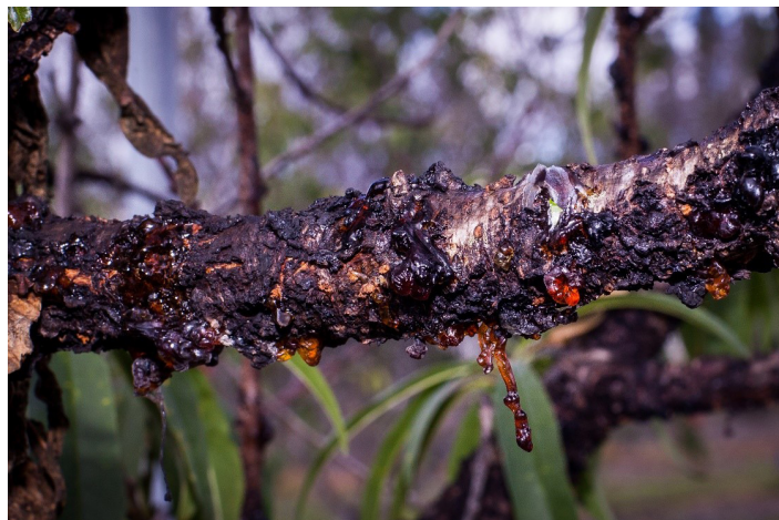
Figure 1. Peach limb with a severe fungal gummosis infection by Botryosphaeria spp.

In the southeastern United States, PFG has been reported since the early 1970s in major peach-producing areas where the damage may reduce the yields up to 40% (Weaver 1974; Biggs and Britton 1988; Beckman, Pusey, and Bertrand 2003). This disease was first reported on peach and citrus trees in Florida in 1911 by Fawcett and Burger. Taxonomy
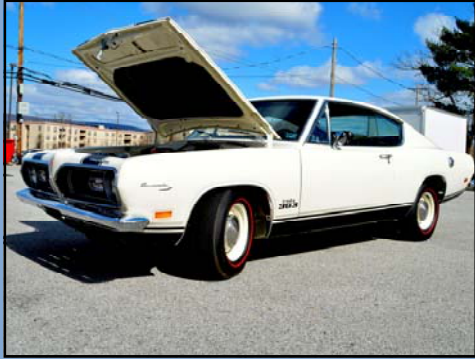
1969 Plymouth Barracuda

A 4 year complete nut and bolt rotisserie restoration with everything either new or rebuilt with NOS parts. It is a matching numbers car with a 383ci V8 and a 4-speed manual transmission. It has the A57 package and is one of only 378 Cuda's made with a 383 of which only 130 were 4-speeds.
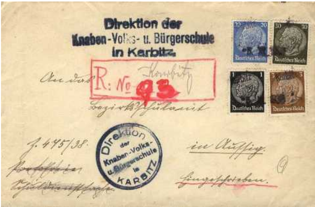
Hand-drawn rectangular "label" on a 2. weight class domestic cover, 5 October 1938.

Czech officials fled to Czechoslovakia, taking with them the stamps, forms, and labels. This resulted in a shortage in Sudeten post offices, leading to provisional "labels".
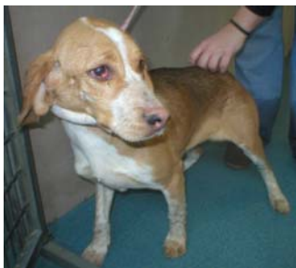
"Lady Bird" was found abandoned and frostbitten in the woods. Her rescuer brought her to SSHS, where she was nursed back to health.

Don't let their furry coats fool you – companion animals need human help to stay safe in the cold weather. Although indoors is best, the Stevens-Swan Humane Society has tips for keeping our domestic pets safe in the frigid, unforgiving upstate winter.
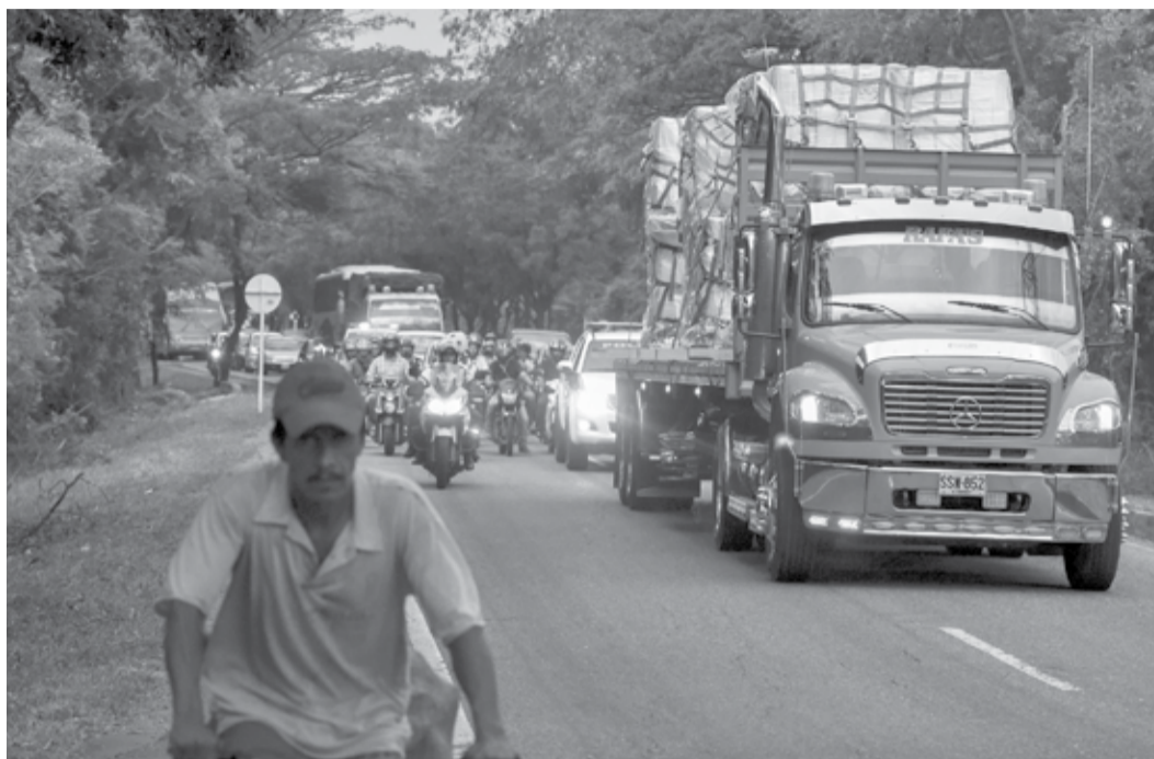
Trucks loaded with humanitarian aid for Venezuela arrive at the Tienditas Bridge in Cucuta, Colombia, on the border with Tachira, Venezuela

US aid that has been piling up in the Colombian border town of Cucuta has become the frontline
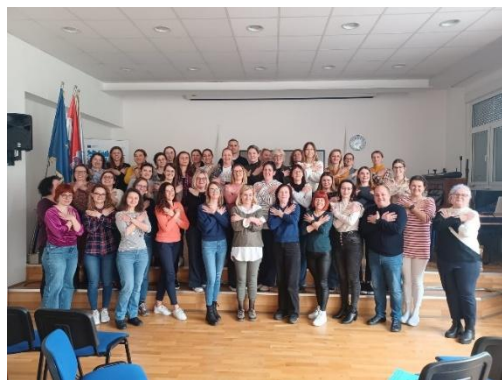
I. Technical School Tesla, Zagreb – TeenCAP
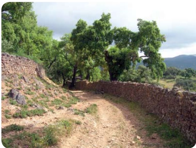
Climbing down towards Arroyomolinos de León

The path starts descending towards Arroyomolinos de León on this last section of the stage. This is a pleasant walk along a paved path which also
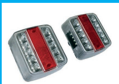
LIGHTING LED KIT
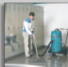
Machine in action
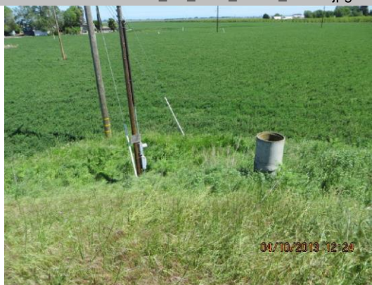
JP and concrete standpipe on LS toe.
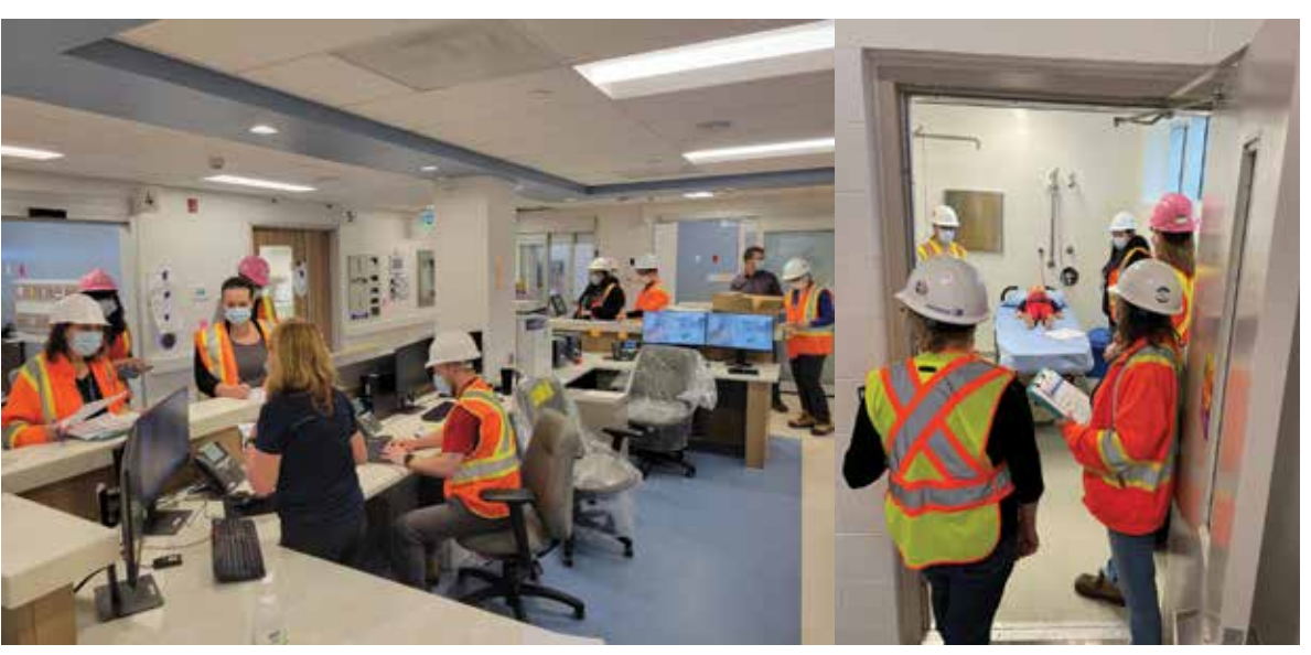
\label{lem:life} \mbox{LMH staff practicing day-in-the-life scenarios in the new emergency department.}

Picture moving into a new home and the usual logistical questions you ask yourself - Will the bed fit up the stairs? Where is the light switch for the basement? Where is the best place for the coffee maker? These are the same types of questions our staff will ask themselves when moving into the new LMH space. To ensure staff are not having to "look for the light switch" on opening day, they have been practicing "Day in the Life" scenarios to familiarize themselves with their new space. Running mock patient scenarios allows staff to figure out where equipment should be located, the best and fastest routes to take through the department and to discover any issues that may have been missed during the construction and planning.
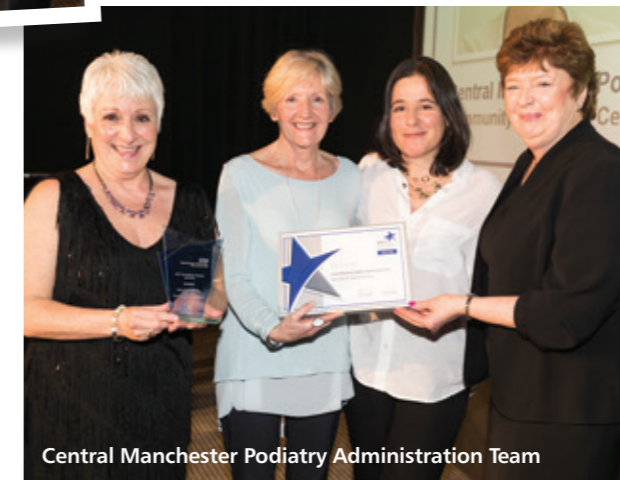
Central Manchester Podiatry Administration Team
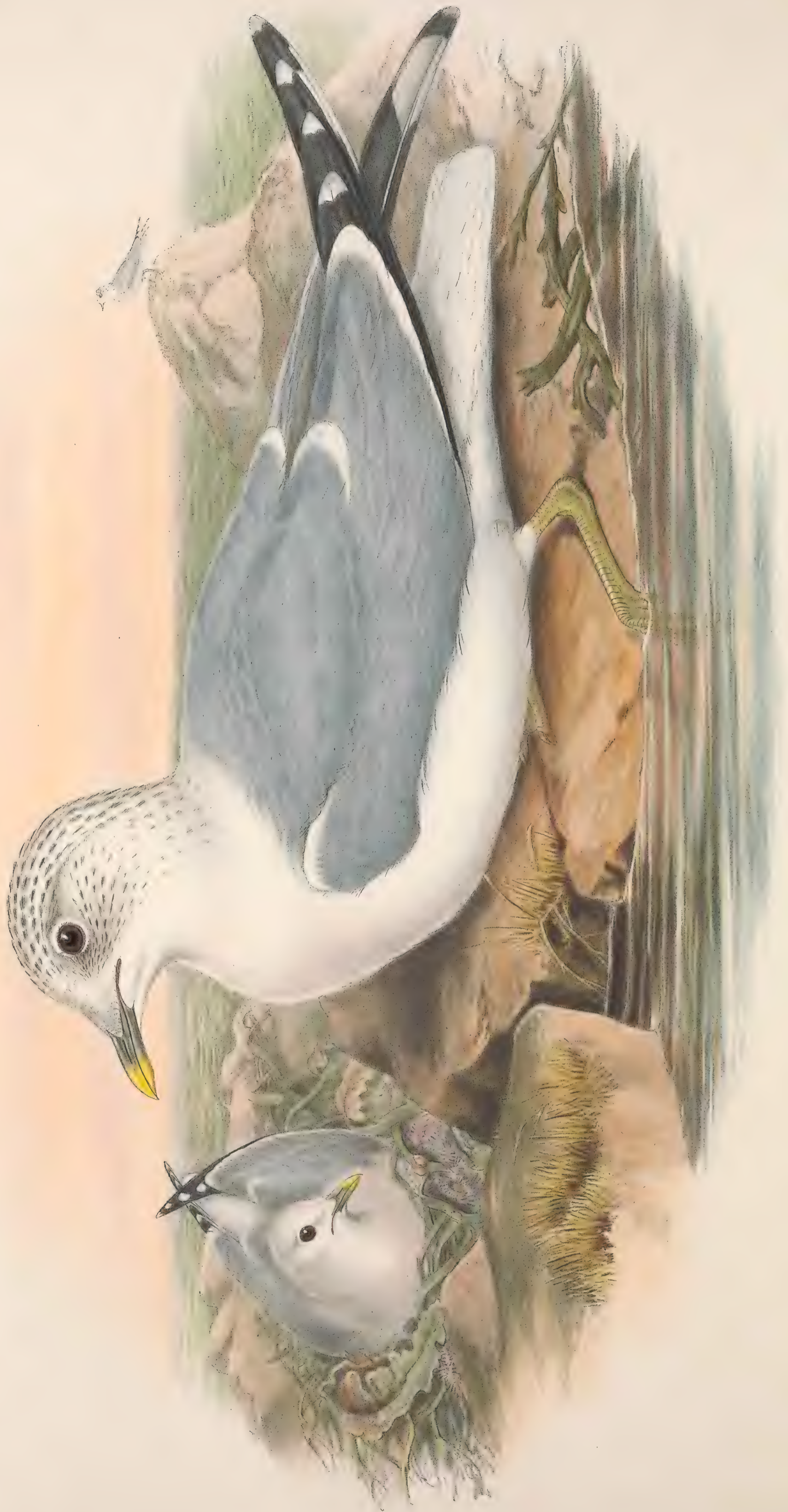
LARUS CANUS. Linn.
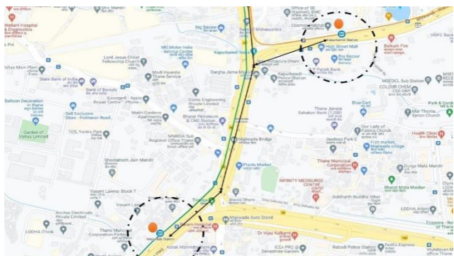
ROUTE MAPPING-ArcGIS Online is the web-based
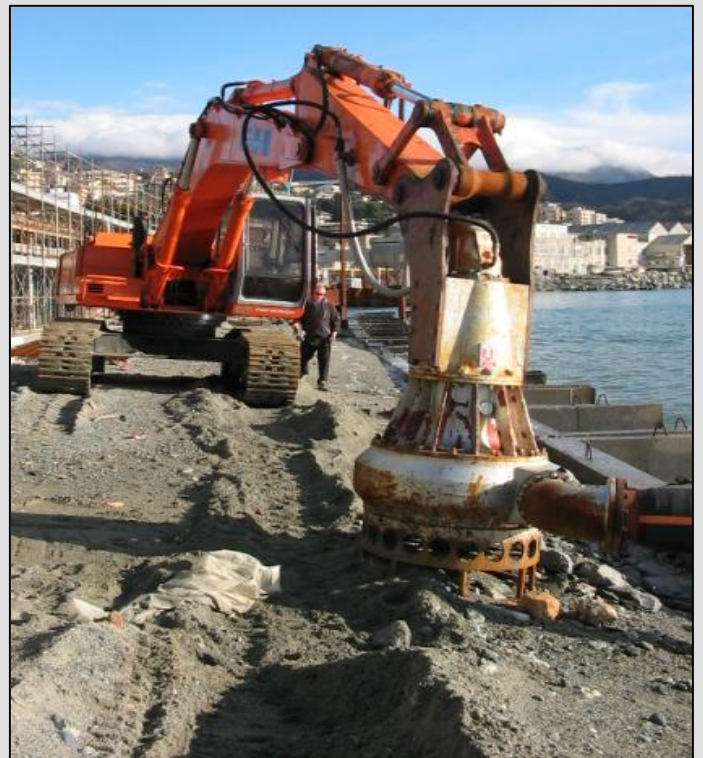
DPH300 Pump Civil works
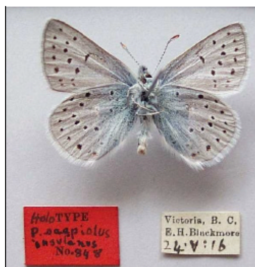
Figure 4. Ventral view of the putative insulanus “holotype” (now a lectotype) in the CNC.
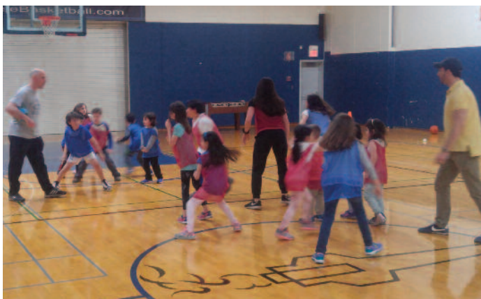
Youth enjoy a game of "Ship to Shore" during Family Gym and Game Night. (4/28/19)

◆ ◆ ◆ ◆

## [EXERCISE INSTRUCTIONS]
Please copy out the entries above exactly as they appear, but skip their images.

## [SOLUTION BELOW]
Figure 1. Peach limb with a severe fungal gummosis infection by Botryosphaeria spp.

In the southeastern United States, PFG has been reported since the early 1970s in major peach-producing areas where the damage may reduce the yields up to 40% (Weaver 1974; Biggs and Britton 1988; Beckman, Pusey, and Bertrand 2003). This disease was first reported on peach and citrus trees in Florida in 1911 by Fawcett and Burger. Taxonomy
1969 Plymouth Barracuda

A 4 year complete nut and bolt rotisserie restoration with everything either new or rebuilt with NOS parts. It is a matching numbers car with a 383ci V8 and a 4-speed manual transmission. It has the A57 package and is one of only 378 Cuda's made with a 383 of which only 130 were 4-speeds.
Hand-drawn rectangular "label" on a 2. weight class domestic cover, 5 October 1938.

Czech officials fled to Czechoslovakia, taking with them the stamps, forms, and labels. This resulted in a shortage in Sudeten post offices, leading to provisional "labels".
"Lady Bird" was found abandoned and frostbitten in the woods. Her rescuer brought her to SSHS, where she was nursed back to health.

Don't let their furry coats fool you – companion animals need human help to stay safe in the cold weather. Although indoors is best, the Stevens-Swan Humane Society has tips for keeping our domestic pets safe in the frigid, unforgiving upstate winter.
Trucks loaded with humanitarian aid for Venezuela arrive at the Tienditas Bridge in Cucuta, Colombia, on the border with Tachira, Venezuela

US aid that has been piling up in the Colombian border town of Cucuta has become the frontline
I. Technical School Tesla, Zagreb – TeenCAP
Climbing down towards Arroyomolinos de León

The path starts descending towards Arroyomolinos de León on this last section of the stage. This is a pleasant walk along a paved path which also
LIGHTING LED KIT
Machine in action
JP and concrete standpipe on LS toe.
\label{lem:life} \mbox{LMH staff practicing day-in-the-life scenarios in the new emergency department.}

Picture moving into a new home and the usual logistical questions you ask yourself - Will the bed fit up the stairs? Where is the light switch for the basement? Where is the best place for the coffee maker? These are the same types of questions our staff will ask themselves when moving into the new LMH space. To ensure staff are not having to "look for the light switch" on opening day, they have been practicing "Day in the Life" scenarios to familiarize themselves with their new space. Running mock patient scenarios allows staff to figure out where equipment should be located, the best and fastest routes to take through the department and to discover any issues that may have been missed during the construction and planning.
Central Manchester Podiatry Administration Team
LARUS CANUS. Linn.
ROUTE MAPPING-ArcGIS Online is the web-based
DPH300 Pump Civil works
Figure 4. Ventral view of the putative insulanus “holotype” (now a lectotype) in the CNC.
Youth enjoy a game of "Ship to Shore" during Family Gym and Game Night. (4/28/19)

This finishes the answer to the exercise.